Studies on kdr inheritance patterns in some insect species suggest that kdr is a recessive trait. It is unknown whether kdr is also recessive in X. cheopis. If so, an exponential model would be more appropriate for explaining the observed data than a linear regression model, which implicitly assumes that kdr is a codominant trait (i.e., that heterozygotes express both the susceptible and resistant alleles). If kdr was a recessive trait, we would expect an exponential relationship between the frequency of kdr alleles and percent survivorship of flea collections because a single copy of the kdr mutation would not confer resistance and only homozygous kdr fleas would survive exposure to deltamethrin. Accordingly, our exponential model explained more of the variability observed in the bioassay data than the linear relationship model (r = 0.70, R2 = 0.49, p = 0.0008, Fig 4). We found 122 fleas heterozygous for a kdr mutation in the 1,191 sequenced fleas (0.102). Among 104 of these heterozygotes tested against 0.05% deltamethrin, 71 died after exposure to 0.05% deltamethrin whereas 33 survived. When individual collections were considered, a similar pattern was observed in 12 of the 14 collections with heterozygous fleas. Together, these results are consistent with the possibility that kdr mutations in fleas are recessive. In A. gambiae, permethrin, deltamethrin, or DDT exposure appears to affect heterozygous mosquitoes in the same way as homozygous susceptible individuals, whereas resistance is mainly observed in L1014F homozygotes [51,52]. In M. domestica, L1014F appears to be incompletely recessive, with some heterozygotes that survive, whereas L1014H appears to be incompletely dominant (heterozygotes and kdr homozygotes had similar survivorship rates) [53]. Future studies will be needed to confirm the hypothesis that kdr is recessive in X. cheopis.

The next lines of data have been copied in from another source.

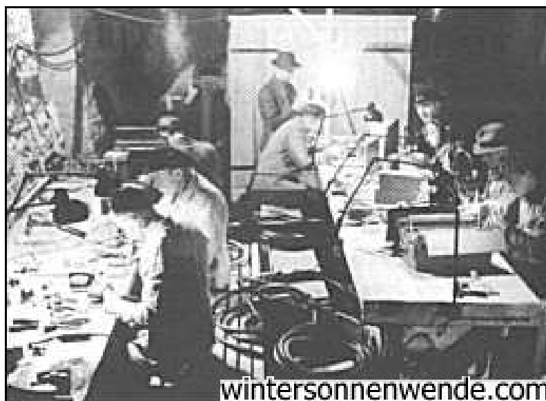
Техники на подземной фабрике работают над улучшением ракет.

(А-4 и «Фау-2» - это разные названия одной и той же ракеты. – прим. перев.)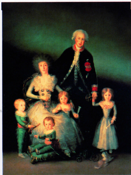
La familia del duque de Osuna , 1788. Óleo sobre lienzo, 225 x 174 cm. Museo del Prado, Madrid

sus raíces en el Renacimiento . En el cuadro de Goya no hay nada que distraiga la mirada de la sensualidad abierta y de erotismo de la retratada; en la habitación no se encuentran adornos ni firuletes ni voluminosos accesorios textiles. La mujer observa al espectador con tranquilidad y seguridad dejando espacio para cualquier tipo de fantasías. A La maja desnuda se la calificó de "pintura obscena" por lo que el pintor tuvo que presentarse ante la Inquisición en 1814.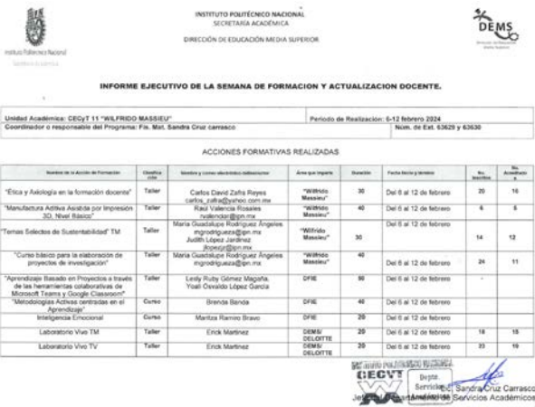
Informe de Acciones y Número de Participantes en formación docente 2024.

Se llevó a cabo la solicitud para realizar el evento académico con registro ante la DFIE bajo el nombre de “Ciclo de conferencias ¿Cómo ser un buen investigador?”, dirigido a directivos, docentes y público externo; en modalidad mixta.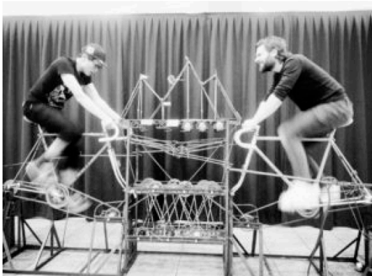
Ironsprint est exposé au Café ChezVelo du Swiss Art Awards à la Halle 4 de la Messe à Bâle.

Un ente fiera off è Liste, un evento secondario a cui hanno accesso una serie di gallerie che non possono partecipare (principalmente per questioni economiche) all'evento madre. Organizzato in un edificio industriale dismesso, una ex fabbrica di birra, si sviluppa su più piani e non propone nulla di entusiasmante, tant'è che l'architettura merita la mia attenzione molto più che l'arte esposta. Passo, dunque rapidamente tra gli stand espositivi catturata da poche cose e, finalmente, all'ultimo piano, quando avevo perso quasi le speranze, una galleria di Tokyo, Aoyama/Meguro, con la personale di Satoshi Ashimoto mi dà modo di riflettere sul ruolo intercambiabile dell'artista e dello spettatore quando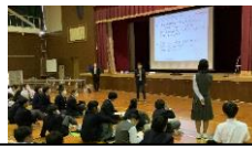
10/25 1年総合学習(もち麦)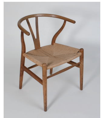
●ハンス・ウエグナー 椅子 CH24〈ウィッシュボーンチェア/Y-チェア〉 [1950] カール・ハンセン&サン 個人蔵

※新型コロナウイルス感染症対策のため、日程・関連企画の変更、及び入場制限を行う場合がございます。詳しくはホームページでご確認ください。 ※本特別展の半券提示で、宮城県美術館「足立美術館展—横山大観、竹内栖鳳、華やかなる名品たち」会期：2021年4月24日(土)～6月6日(日)を100円割引でご覧いただけます。[宮城県美術館窓口にお持ちください。]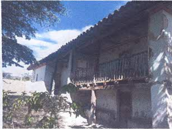
FOTOGRAFIA NRO. 3. Reconocimiento y registro de las tipologías arquitectónicas del barrio Cachipamba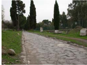
La voie Apienne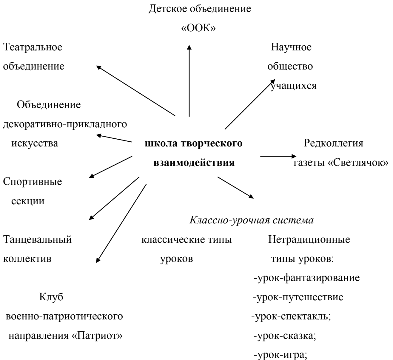
Схема взаимодействия образовательных структур школы творческого взаимодействия.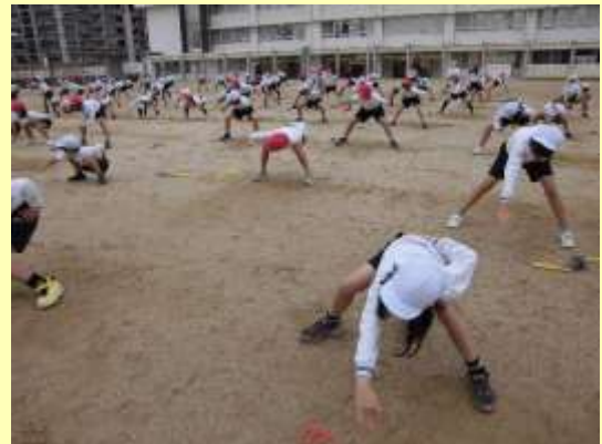
最後のポーズ。腰を落としてかっこよく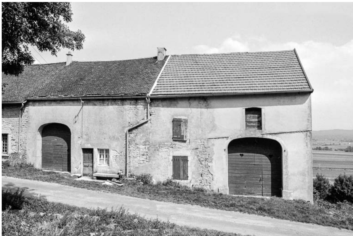
Ferme cadastrée section A : façades sur rue. 39, Saint-Maur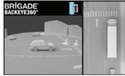
Gespiegelte Links-/Rechts-Ansicht und 360°-Ansicht mit Links/Rechts-Fokus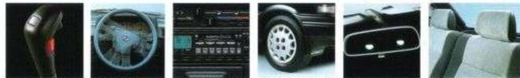
5CVT 517 7443 3DT 230 97 700 パワーステアリング AM/FMラジオ+カセットステレオ 230cc 4気筒 16Vエンジン 15インチホイール 15インチホイール 15インチホイール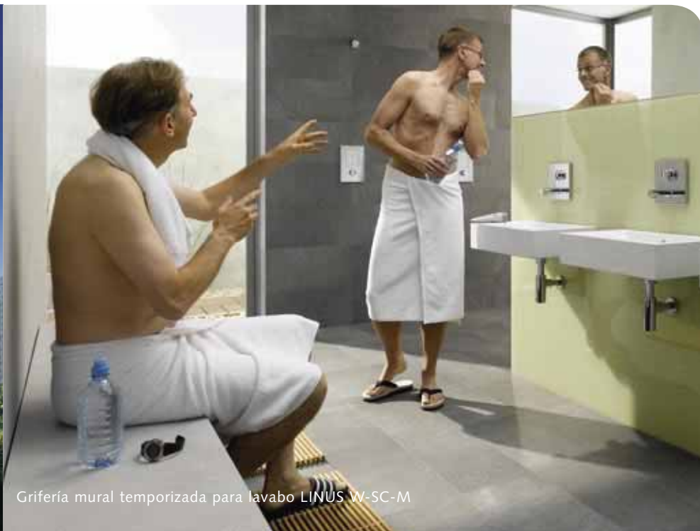
Grifería mural temporizada para lavabo LINUS W-SC-M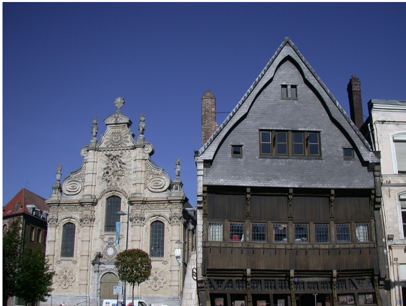
La maison espagnole et la chapelle des jésuites

La maison espagnole de Cambrai doit son nom à l'époque de sa construction, le 16e siècle, alors que la ville est sous domination politique du royaume d'Espagne.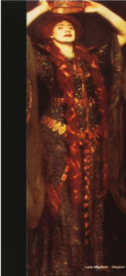
Lady Macbeth - Sargent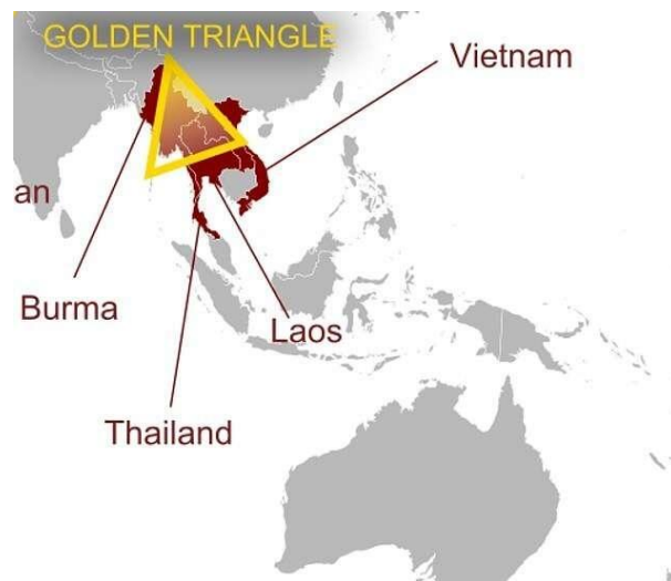
Gambar 2. Segitiga Emas Asia Tenggara oleh Daily Mail

Asia Tenggara merupakan sebuah kawasan yang terletak di benua Asia bagian tenggara. Asia Tenggara berada antara 29,1° LU - 11° LS dan 93° BT - 141° BT (Kusuma, 2022). Asia Tenggara terletak di antara benua Asia dan benua Australia. Selain itu, Asia Tenggara juga terletak di antara samudera Pasifik dan samudera Hindia. Posisi yang cukup strategis tersebut, membuat Asia Tenggara memiliki potensi keunggulan dalam hal perekonomian. Di lain sisi, posisi yang cukup strategis serta berada di kawasan tropis mendorong beberapa sindikat kejahatan bertumbuh di kawasan Asia Tenggara. Golden Triangle atau biasa disebut sebagai kawasan Segitiga Emas merupakan salah satu kawasan penghasil opium terbesar di dunia yang meliputi Thailand, Myanmar, dan Laos. Aktivitas perdagangan dan produksi opium di kawasan segitiga emas telah ditemukan sejak abad ke-19 dan masih berlanjut hingga sekarang (Syahirah, 2022). Adapun jenis narkotik selain opium dan obat-obatan terlarang yang banyak diproduksi adalah ganja dan ATS (amphetamine tipe stimulants). Wilayah Asia Tenggara yang sangat strategis menjadikan jalur perdagangan narkotik dan obat-obatan terlarang tersebut menjadi lancar. Selain narkoba, perdagangan manusia juga menjadi salah satu kejahatan yang tumbuh di kawasan Asia Tenggara.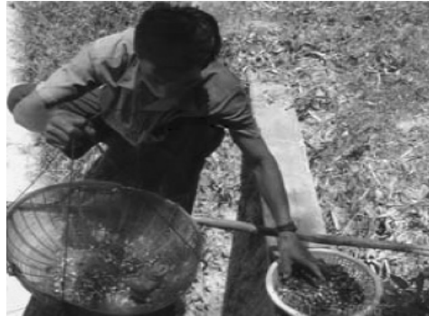
ប្រភេទចំណីស្រស់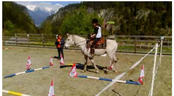
Spaß und Geschicklichkeit standen im Vordergrund.

There is a significant linear relationship (r = 0.70, R2 = 0.49, p = 0.00084) between the frequency of kdr alleles (x-axis) and the square root of the frequency of survivorship to 0.05% deltamethrin (y-axis) in 19 X. cheopis collections that had at least 30 robust sequences, which explains the observed data better than the linear relationship in Fig 2 (r = 0.53, R2 = 0.28, p = 0.02). The solid black line shows the regression line for the observed data; the blue dotted line shows the theoretical relationship between the frequency of kdr alleles and percent survivorship under the assumptions that kdr is recessive and only fleas homozygous for the kdr resistance mutation would survive exposure to deltamethrin; the red dotted line shows the theoretical relationship assuming kdr is dominant.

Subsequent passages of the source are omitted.